The Influence of Differently Shaped Gold Nanoparticles Functionalized with NIPAM-Based Hydrogels on the Release of Cytochrome C

Here, we report the synthesis and functionalization of five different shapes of Au nanoparticles (NPs), namely nanorods, tetrahexahedral, bipyramids, nanomakura, and spheres with PEG and poly (N-isopropylacrylamide)-acrylic acid (pNIPAm-AAc) hydrogels. The anisotropic NPs are synthesized using seed-mediated growth in the presence of silver. The NPs have been characterized using Dynamic Light Scattering (DLS), zeta potential measurements, UV-Visible spectrophotometry (UV-Vis), and Scanning Transmission Electron Microscopy (S(T)EM). Cyt C was loaded into the PEG-hydrogel-coated AuNPs using a modified breathing-in method. Loading efficiencies (up to 80%), dependent on particle geometry, concentration, and hydrogel content, were obtained.
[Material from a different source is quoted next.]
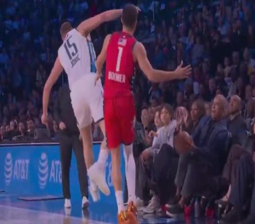 前美國總統(tǒng)奧巴馬也現(xiàn)身比賽現(xiàn)場觀戰(zhàn),并且在比賽中,約基奇和布克爭搶球權(quán)時把球傳給了奧巴馬。

Release experiments conducted at high temperature (40 °C) and acidic pH (3) showed higher release for larger sizes of PEG-hydrogel-coated AuNPs, with temporal transition from spherical to thin film release geometry. AuNP shape, size, number density, and hydrogel content are found to influence the loading as well as release kinetics of Cyt C from these systems.